В свое время, в двадцатых годах, когда Смайли кончил свою непритязательную школу и, щурясь, бродил меж скромных монастырских стен оксфордского колледжа, он мечтал о членстве в студенческом братстве и о жизни, отданной изучению литературных непристойностей Германии XVII столетия. Но его преподаватель, знавший Смайли лучше его самого, мудро отклонил ученика с пути, который неминуемо привел бы его к получению ученой степени. И прекрасным июльским утром 1928 года удивленный и краснеющий Смайли сидел перед задающими ему вопросы членами Заграничного Комитета академических исследований— организации, о которой ему раньше и слышать не приходилось. Джебеди (его преподаватель), вводя его в курс дела, был краток: «Предоставь этим людям позаботиться о тебе, что вполне им по силам; платить тебе будут немного, но достаточно, чтобы ты оказался в приличном обществе». Но что-то смущало Смайли, и он признался в этом. Его беспокоило, что Джебеди, обычно столь точный, на этот раз был столь уклончив. С легким вздохом он согласился отложить свое решение отдаться колледжу Всех Душ, пока не повидается с «таинственной публикой» Джебеди.

Члены Комитета ему не представлялись, но половину из них он знал в лицо. Среди них был Филдинг, специалист по средним векам Франции из Кембриджа, Спарк из колледжа восточных языков и Стид-Эспри, который обедал за «высоким столом»[6] в тот вечер, когда Смайли был гостем Джебеди. Он не мог не признать, что был поражен. Само присутствие Филдинга, оставившего свой кабинет, уже было чудом. Впоследствии Смайли вспомнил об этой беседе как о танце с каким-то сумасшедшим па; постепенно и рассчитанно раскрываясь, перед Смайли представали отдельные части таинственной сущности. Наконец Стид-Эспри, который, похоже, председательствовал на встрече, откинул последнюю завесу, и правда возникла перед ним во всей своей дразнящей наготе. Ему была предложена должность в конторе, которую Стид-Эспри за неимением лучшего слова, зардевшись, назвал Секретной службой.

Смайли попросил дать ему время подумать. Они дали ему неделю. О деньгах никто и не заикнулся.

Этим вечером, оставшись в Лондоне, он решил побаловать себя и отправился в театр. Он чувствовал странное головокружение, и это беспокоило его... Он отлично знал, что примет предложение, и мог сделать это уже во время беседы. Но его остановила инстинктивная осторожность и, может быть, вполне понятное желание пококетничать с Филдингом.
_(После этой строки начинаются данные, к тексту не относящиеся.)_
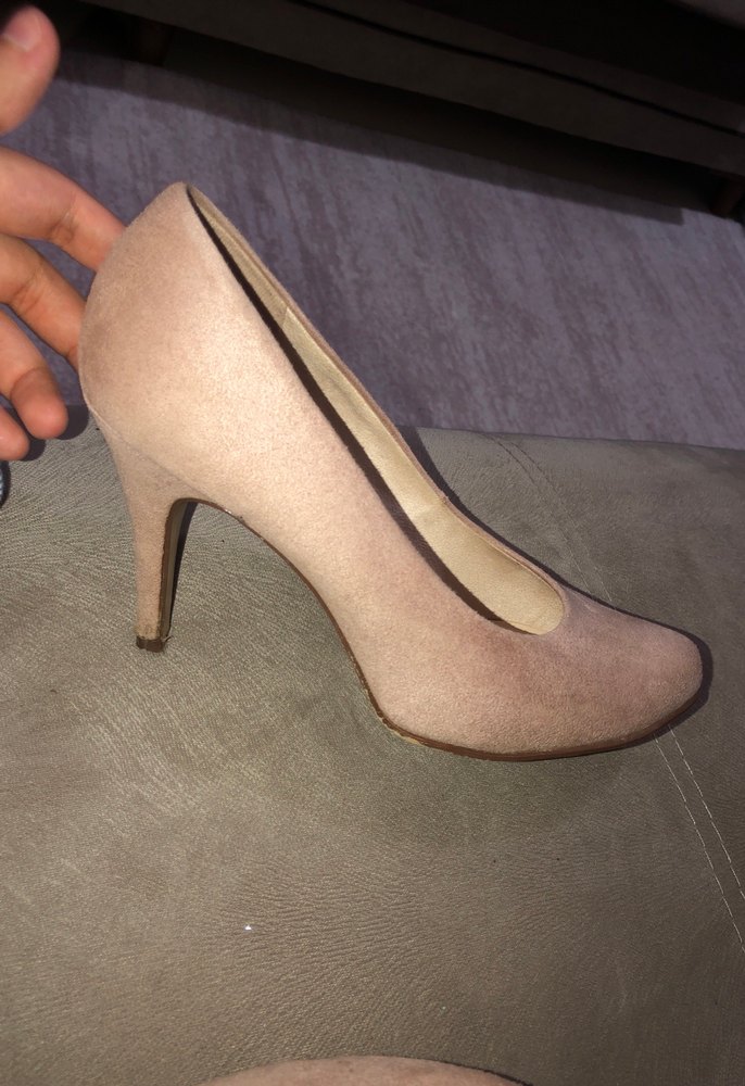 Graceland markalı bej süet platform topuklu ayakkabılar, stiletto topuklu ve minimalist tasarıma sahip, ofis için şık ve rahat bir seçenek.
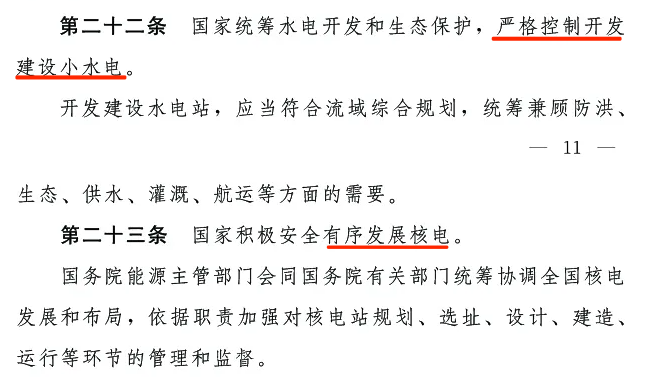 第二十二條:國家統(tǒng)籌水電開發(fā)和生態(tài)保護,嚴(yán)格控制開發(fā)建設(shè)小水電。
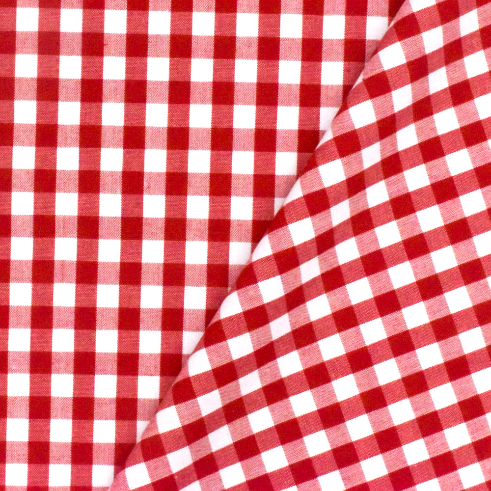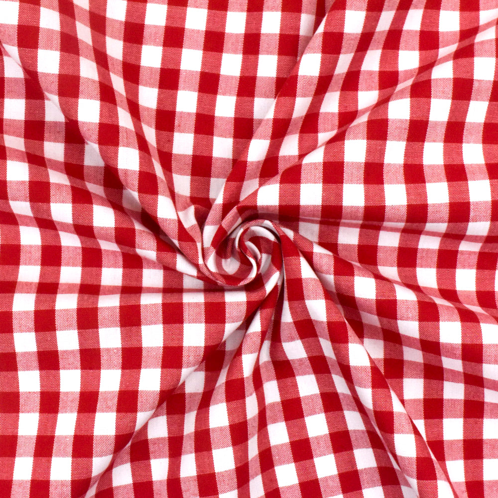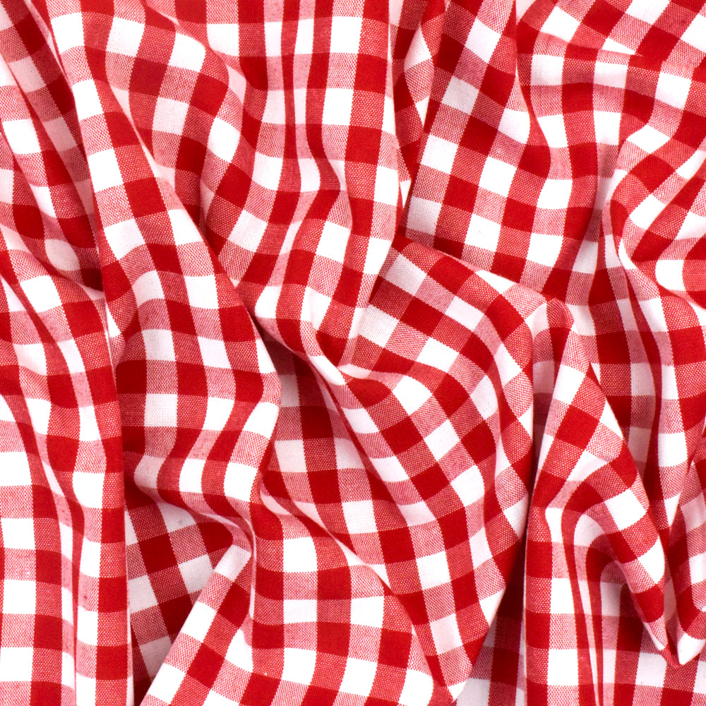 Classic Red-White Check Polyester Gingham Woven Fabric
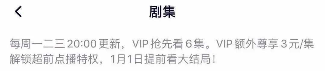 即使后来被官方警告,“超前点播”的做法稍微有点收敛,但还是保留了3元1集的提前解锁方式,这对普通用户和普通VIP用户难道不是一种伤害么?
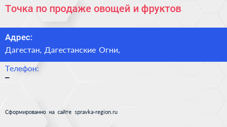Точка по продаже овощей и фруктов по адресу Дагестан, Дагестанские Огни, в дальнейшем Организация, размещена в следующих категориях:
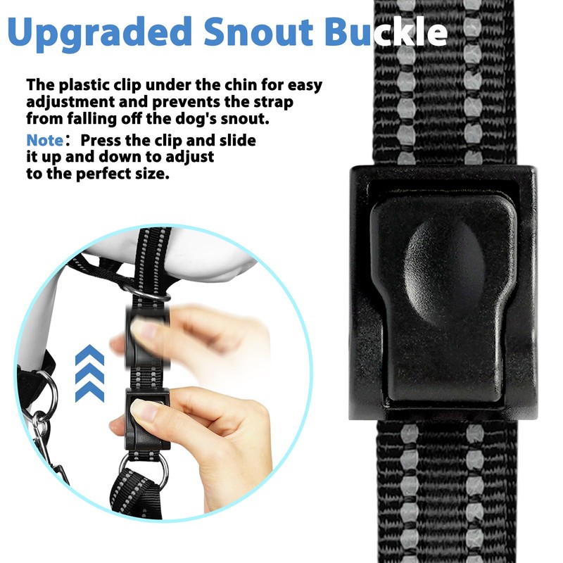 - Easy to Fit: The head collar for dogs, no pull dog nose leash features a quick-release snap, so you can put it on your dog in just a few minutes. The length of the shoulder strap is adjustable, so you can choose the most comfortable length for your dog. Our gentle collar comes with a safety leash that attaches to a dog head collar or leash for extra safety when out in the open
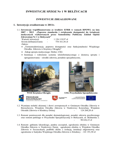 INWESTYCJE SPZOZ Nr 1 W BEŁŻYCACH
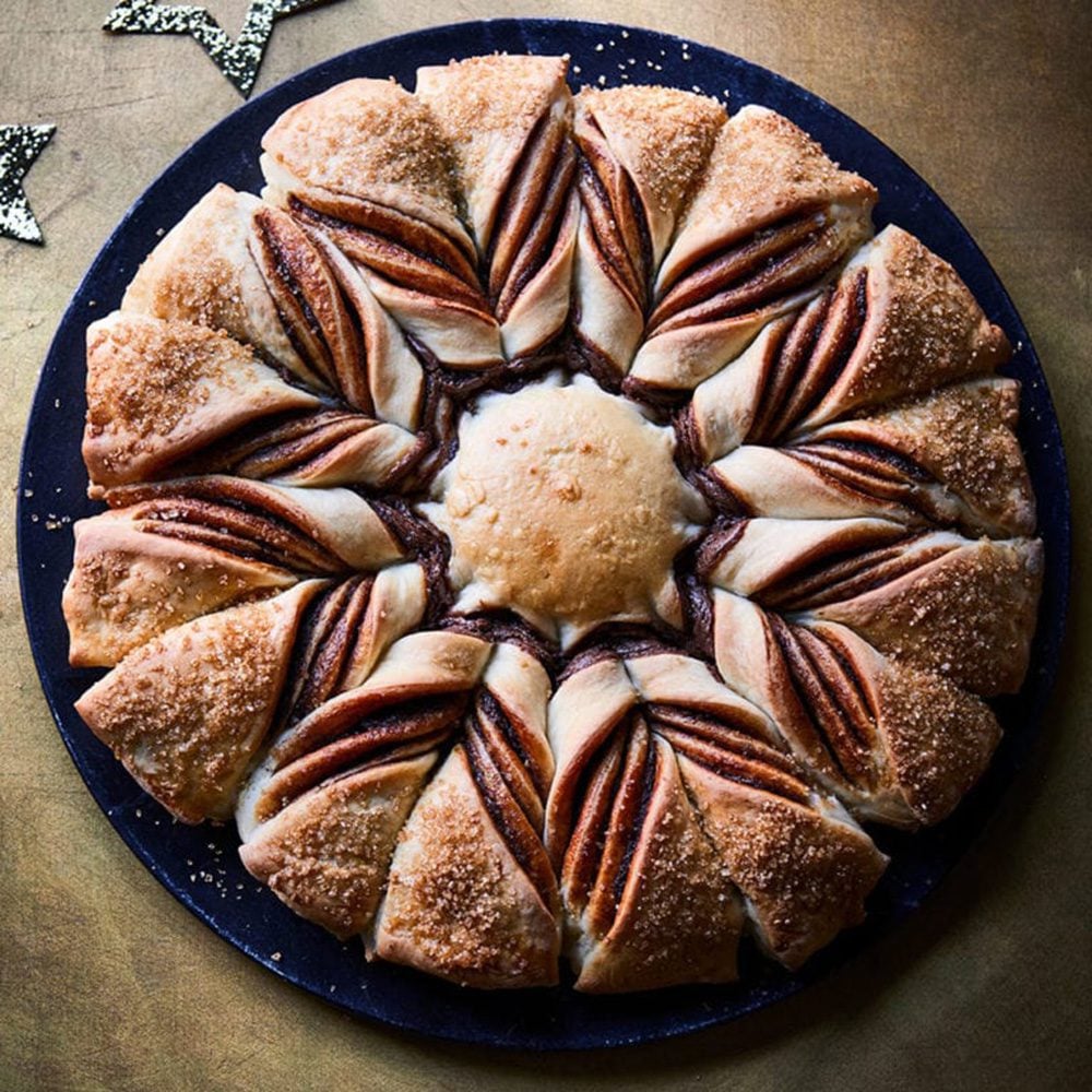 The pillowy dough of this Christmas star is filled with a rich Nutella and tahini filling. Making the star takes a bit of concentration, so this is a recipe for those December days when you want some time to yourself in the kitchen with some carols on the radio. The results are well worth the effort.

После того как он дал согласие, началась подготовка: таинственные сельские коттеджи, безымянные инструкторы, утомительные поездки, и перед ним все отчетливее вырисовывались фантастические перспективы, когда ему придется работать совершенно одному.

Первое его оперативное задание носило довольно приятный характер: два года он пребывал в роли «энглишер доцент» в провинциальном немецком университете — лекции о Китсе и каникулы в охотничьих домиках в баварских горах, в компании студентов, которые солидно и торжественно предавались разврату. В конце каждого длинного каникулярного срока он приглашал некоторых из них в Англию, отмечая особо подходящих, и отправлял свои рекомендации по таинственному адресу в Бонне; за все два года он так и не понял, учитывались ли его рекомендации или же сразу выбрасывались. По сути, у него не было даже желания выяснять, достигали ли цели его послания; он не поддерживал никаких контактов с Департаментом, пребывая вне Англии.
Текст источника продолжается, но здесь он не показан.